Complete the square of the given quadratic expression. Then, graph the function using the technique of shifting. \( f(x)=x^{2}-8 x+14 \) Complete the square by entering the correct numbers into the expression below. \( f(x)=(x-(\square))^{2}+(\square) \)

We start with the quadratic function   f(x) = x² – 8x + 14. To complete the square, follow these steps: 1. Group the x-terms:   x² – 8x  +14 2. Find the number needed to complete the square.

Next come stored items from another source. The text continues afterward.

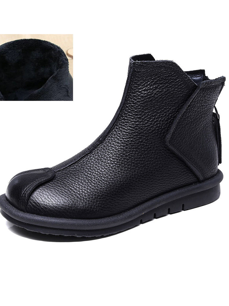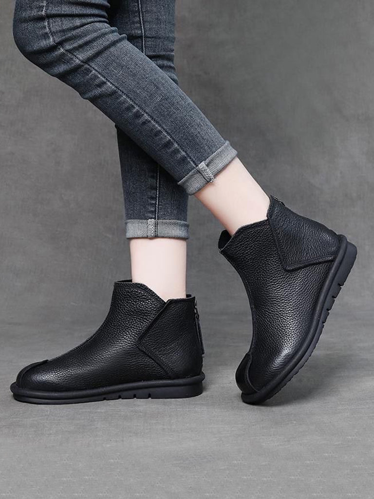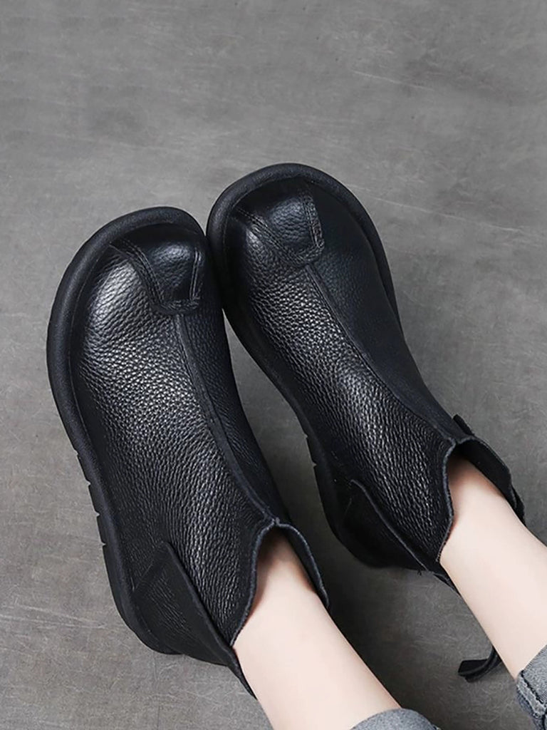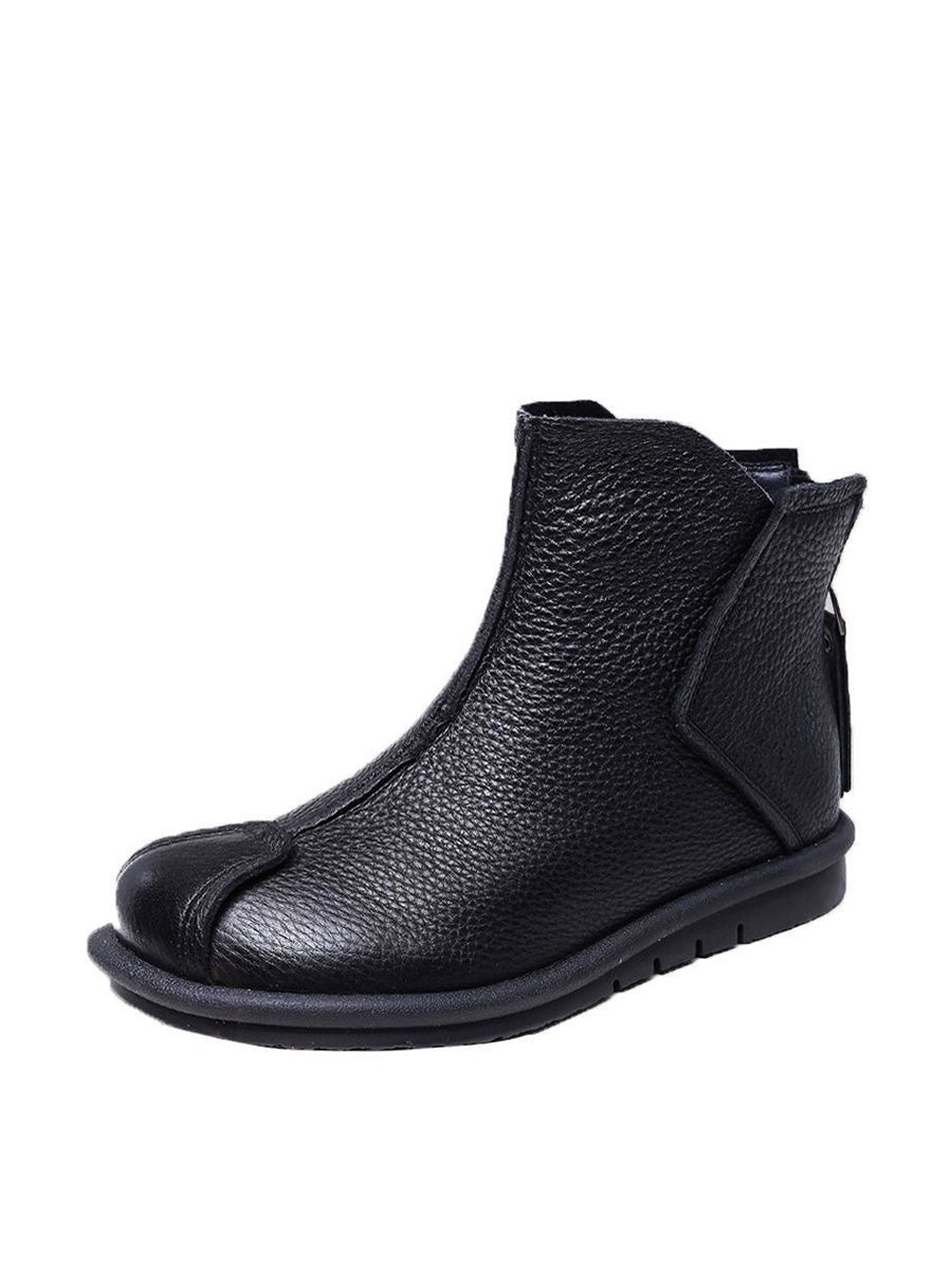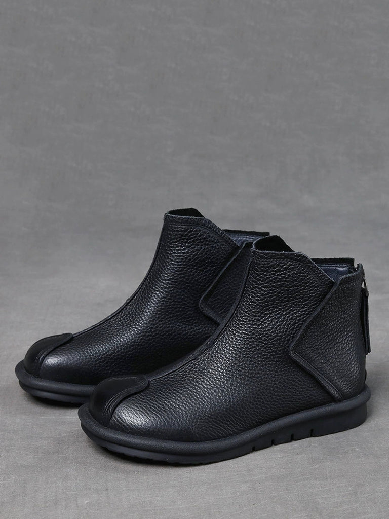 Women Retro Genuine Leather Spliced Ankle Boots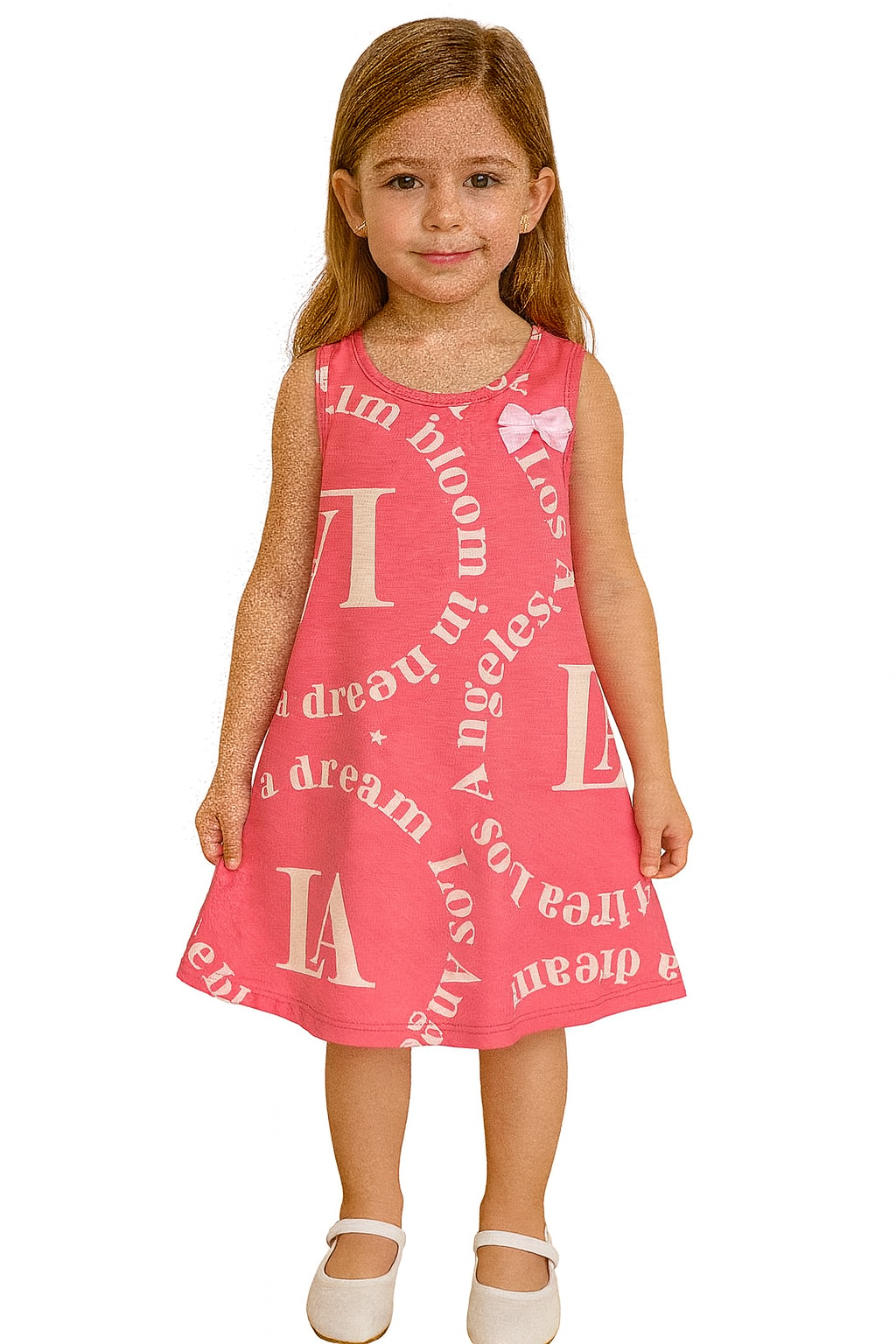 Um vestido infantil encantador em tom rosa vibrante, com estampa moderna inspirada em Los Angeles. Feito em tecido leve e confortável, possui modelagem soltinha em estilo A-line, que oferece liberdade para brincar. O detalhe do lacinho rosa próximo ao colo adiciona um toque delicado e feminino. Perfeito para passeios, festas ou para trazer alegria ao dia a dia.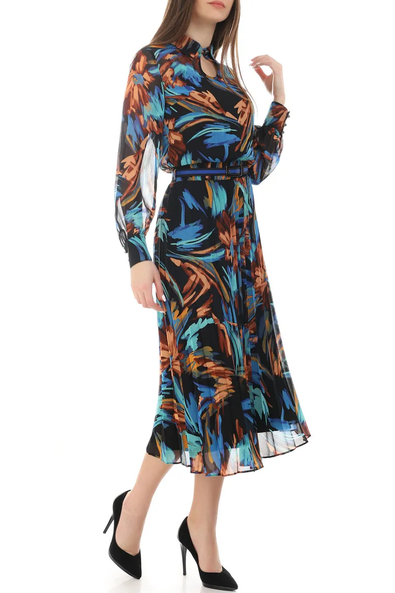 Elegantna haljina cvetnog dezena sa dugim rukavima svojim krojem pogoduje svim građama i oblicima tela i pruža savršenu udobnost prilikom nošenja. Lagani materijal cvetnog dezena postavljen je viskoznom postavom u gornjem delu, u formi majice na bratele, koja je veoma mekana na dodir pa će Vam njeno nošenje sigurno prijati. U donjem delu postava od satena pružiće Vam dodatnu sigurnost i lakoću nošenja. Lastiš koji je na pojasu savršeno se prilagođava svakom obimu struka, formirajući izgled figure peščanog sata. Ovaj model haljine sa lakoćom možete nositi u mnogim prilikama, od poslovnih do svakodnevnih, i lako je možete prilagoditi svom stilu koji negujete. Kaiš dolazi u kompletu sa haljinom i po potrebi ga možete skinuti.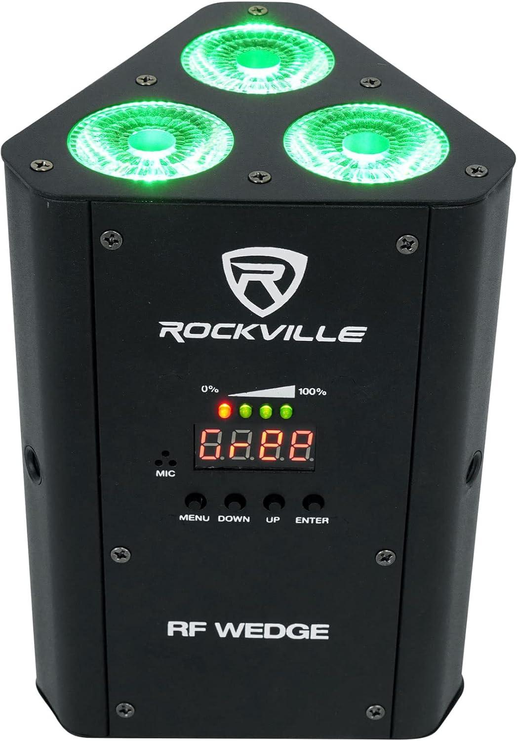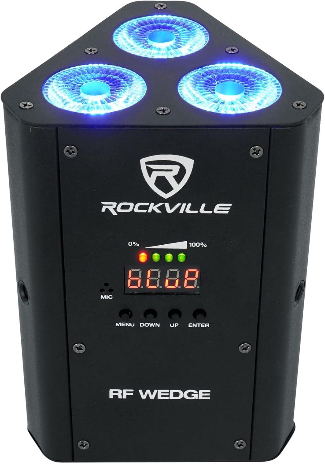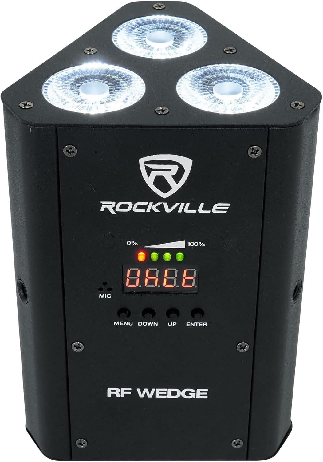 imageRockville RF WEDGE WHITE 54W RGBWAUV Battery Wireless DMX DJ Par Up Light Rechargeable RF Remote 24Hour Battery for DJs and EventsBlack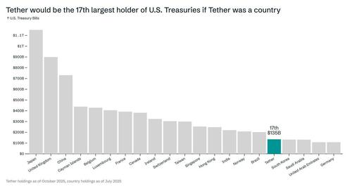 So, what are USD Stablecoins? They are digital tokens designed to maintain a 1:1 peg to the US dollar. Unlike volatile cryptocurrencies such as Bitcoin or Ether, which can swing wildly in price, stablecoins offer price stability by holding reserves of high‑quality liquid assets. The largest examples are Tether’s USDT and Circle’s USDC, which together account for over 90 percent of the USD stablecoin market. For context, as of late 2025, Tether (the issuer of the USDT stablecoin) held over $135 billion in U.S. Treasury securities, ranking it 17th globally among holders of U.S. sovereign debt. Tether’s holdings exceed those of South Korea, Saudi Arabia, Germany, and the UAE.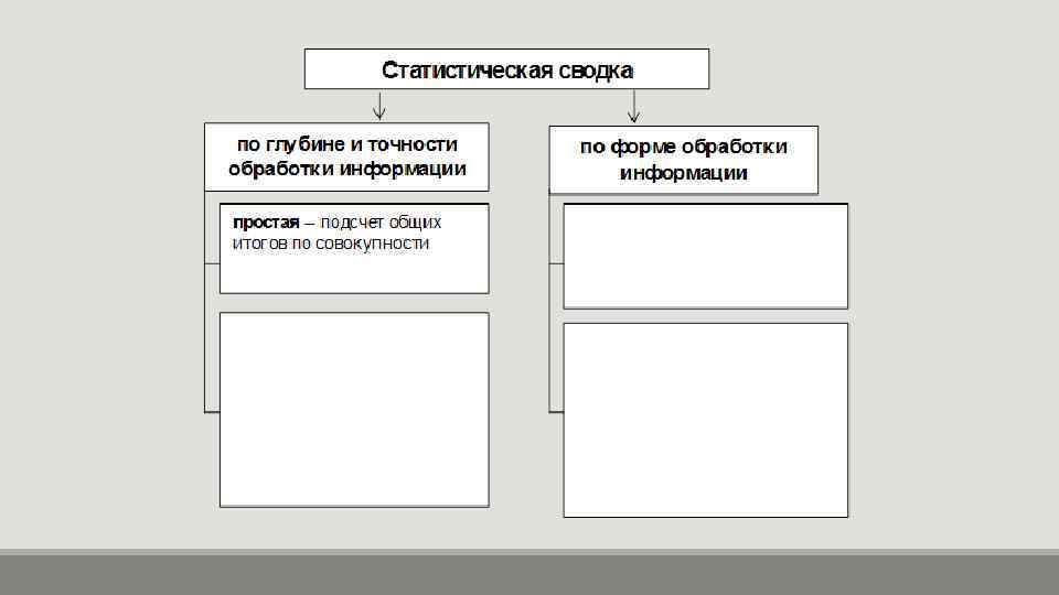Сводка представляет собой второй этап статистического исследования. Целью сводки является получение на основе сведенных материалов обобщающих статистических показателей, отражающих сущность социально-экономических явлений и определенные статистические закономерности.

Take half of the coefficient of x (which is –8) to get –4, and then square it:   (–4)² = 16. 3. Add and subtract 16 inside the expression:   f(x) = (x² – 8x + 16) – 16 + 14 4. Rewrite the trinomial as a perfect square:   x² – 8x + 16 = (x – 4)² 5. Combine the constants:   –16 + 14 = –2. Thus, the function in completed square form is:   f(x) = (x – 4)² – 2 In the expression f(x) = (x – (□))² + (□), the correct numbers are 4 and –2, so that   f(x) = (x – 4)² – 2. Graphing by shifting: • The vertex of the parabola is at (4, –2). • Compared to the basic parabola y = x², the graph is shifted 4 units to the right and 2 units downward. • The axis of symmetry is the vertical line x = 4. These shifts determine the position and shape of the graph.